Los padres cuyos hijos ponen de manifiesto comportamientos como los anteriormente citados –las pataletas, la rabia–, deben, aún en su desorientación por el cambio, interpretar dicha actitud como el reflejo de la maduración en la relación y la expresión de la confianza, desde el niño, en unos padres que lo son incondicionalmente. Por fin se muestra tal y como es, dejó de estar de visita y se siente ya en casa.
Creemos que es importante ayudar a los padres adoptivos a comprender que las experiencias difíciles y dolorosas vividas por sus hijos durante la primera infancia y el cambio que inicialmente representa la adopción, desvelan sentimientos profundos de rabia, de pérdida y de tristeza; que dichos sentimientos hallan canales de expresión diversos; y que el momento en el que éstos podrán salir a la luz es impredecible. La cuestión radica en contemplar que, ni la acomodación primera constituye una real adaptación –pues excluye mayoritariamente el conflicto–, ni la posterior etapa de expresión del malestar y erupción de los conflictos pone en cuestión la base de relación y la experiencia de vida conjunta habidas durante la primera etapa de acomodación. Debemos alertar a los padres para que no se dejen seducir por los cantos de sirena de la acomodación; ésta debe tener lugar; es probablemente un instinto de supervivencia sin el cual difícilmente podrían haber “tragado” el sinfín de novedades a las que deben hacer frente. Sin embargo, el hecho de situar dicha etapa como un paso previo a la real elaboración del cambio y de las pérdidas, ejerce una clara y definitiva influencia en que los padres favorezcan y propicien la capacidad de sus hijos de conectar con los aspectos difíciles y los sentimientos dolorosos.
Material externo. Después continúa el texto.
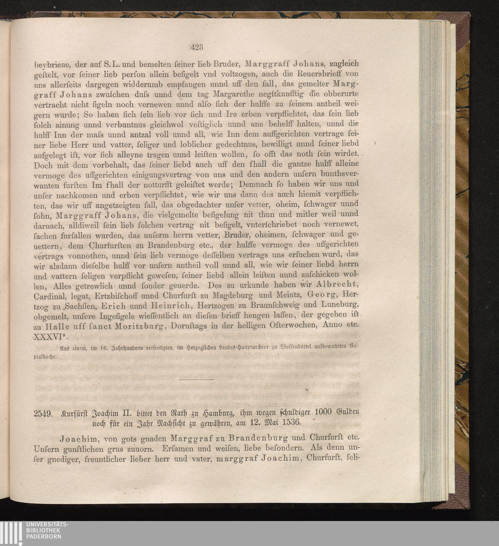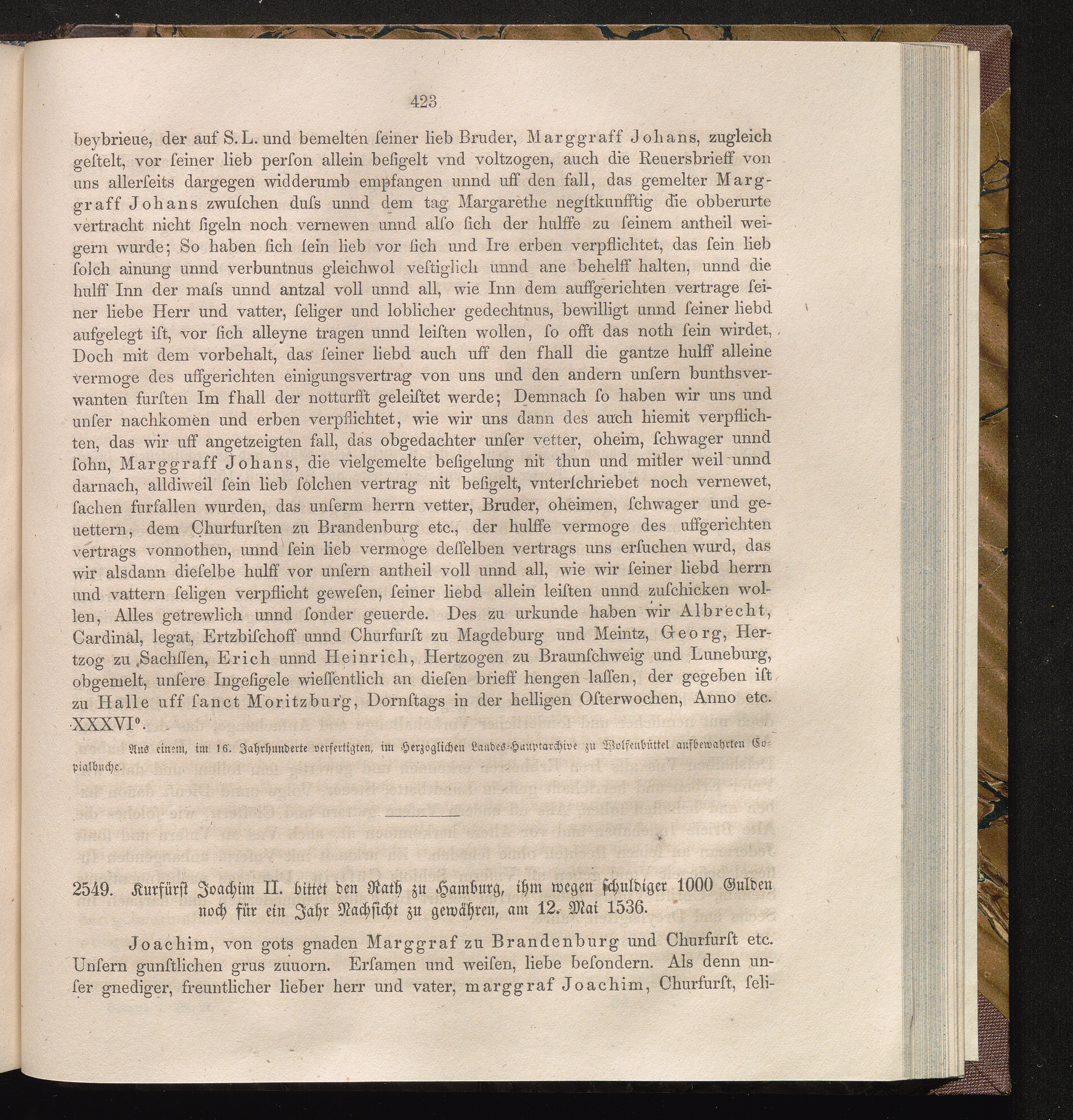 2549. Kurfürst Joachim II. bittet den Rath zu Hamburg, ihm wegen schuldiger 1000[...]

Son harto conocidas las consecuencias psicológicas que en los niños puede tener la distancia emocional que se crea cuando los padres no pueden conectar y empatizar con los sentimientos de sus hijos. La adopción de niños que han vivido un pasado dispar, lleno de experiencias desestructurantes y habiendo establecido vínculos -a menudo enfermizos- a pequeños retazos, no facilita en absoluto la imprescindible consolidación del vínculo. Por ello, la prevención en este campo, el trabajo con padres y futuros padres adoptivos y la profundización en la comprensión de la dinámica relacional en los diversos momentos del proceso de filiación, nos parecen de suma importancia.

A modo de conclusión:

Existe cierta distancia entre “saberse adoptado” y “sentirse hijo”.
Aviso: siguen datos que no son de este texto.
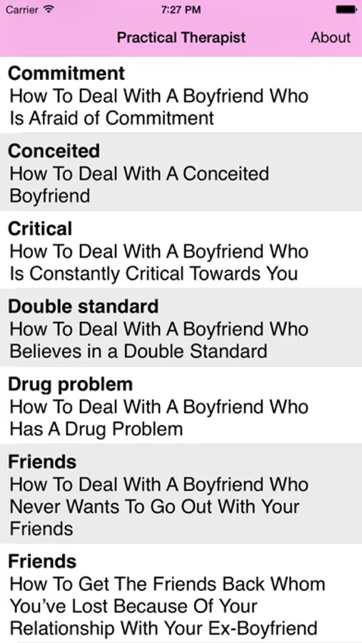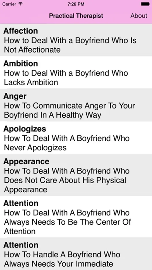 Have you ever been involved or are currently in relationship with a boyfriend and not known either what to say in a difficult situation or wondered why he acted the way that he did? Well, millions of girls and women feel the same way but do not have the opportunity or resources to seek professional advice. Our app, Why Boyfriends Do What They Do and What to Do When They Do It, offers sound advice on many common crises, situations, conflicts and interactions that girls and women encounter every day in their relationships with their boyfriends. Advice on dealing with lack of confidence, sex, assertiveness, hostility or shyness, aggressive boyfriends, boyfriends who constantly need to be the center of attention, and much, much, more is included in this app.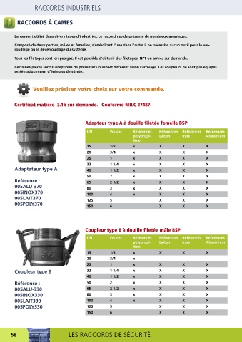 58 LES RACCORDS DE SÉCURITÉ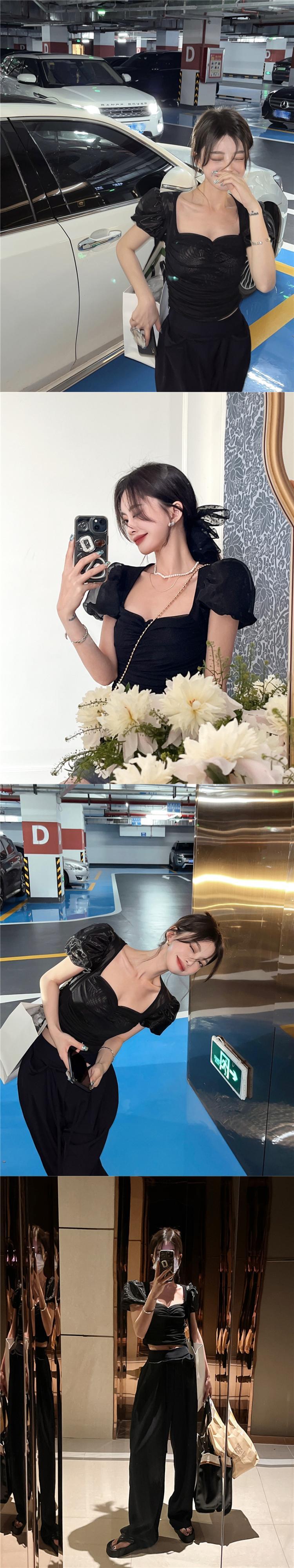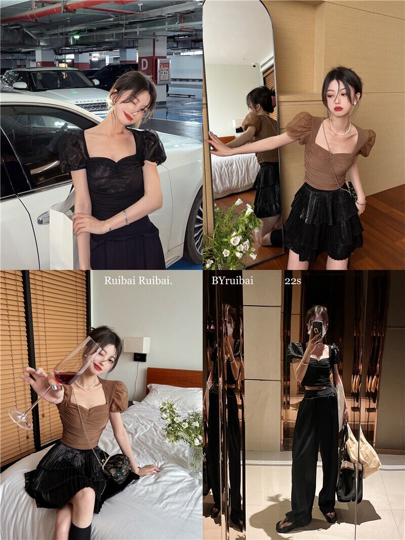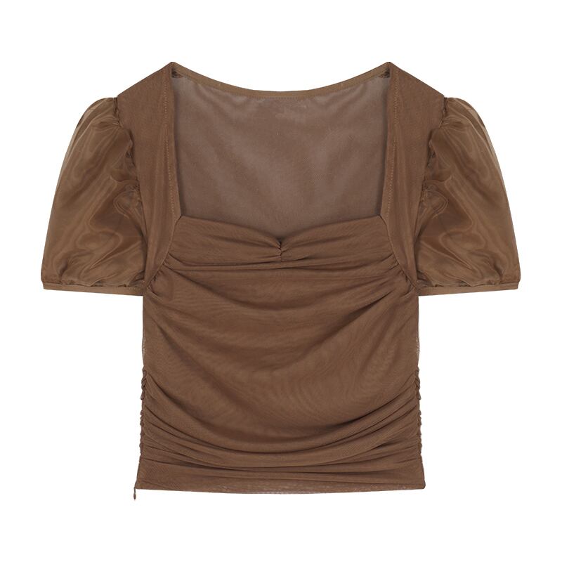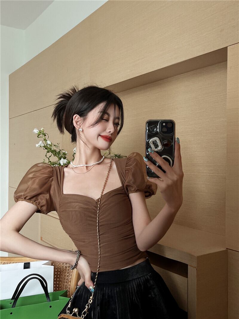 スクエアネック半袖Tシャツ女性の夏の純粋な欲望メッシュパフスリーブスリムフィットショートトップボトミングシャツ サマー 夏物 ピュア スクウェア bstraw47044382094 | beaute25

La acomodación es probablemente un primer paso en toda relación válida (valiosa) y necesaria en los seres humanos; puede entenderse como un signo de salud mental, en el sentido de que alude al contacto con la realidad que posee quien llega a un “mundo” desconocido. ¿Cómo seríamos recibidos por quienes nos acogen, estando totalmente en sus manos, si actuásemos manifestando todo nuestro malestar y el miedo? En cuanto existe cierta conciencia del otro, éste es un mecanismo de defensa -sano- que se pone en marcha. Ahora bien, la experiencia de relación de muchos de los niños adoptados es usualmente sólo la de acomodación; es probable que en su pasado no hayan tenido la oportunidad de ir más allá, por lo tanto su modo de relación con el otro es básicamente en función del otro.

Las figuras parentales son decisivas en el proceso de individuación: ¿quién soy yo?, ¿dónde estoy yo?, ¿qué es “yo”? Los padres son los principales responsables, depositarios, gestores de lo que “yo” representa para sus hijos pequeños desde que nacen. En los niños adoptados este proceso de individuación está maltrecho y son sus padres quienes, con su capacidad de respeto por el “tiempo” propio del menor en la adaptación y la elaboración, dando cabida a todas sus etapas, podrán contribuir a repararlo y reencaminarlo. Ello sólo es posible si adoptan a su hijo completo, con su pasado, con sus vínculos a trozos y con su forma de ir integrando todo lo que implica ser hijo.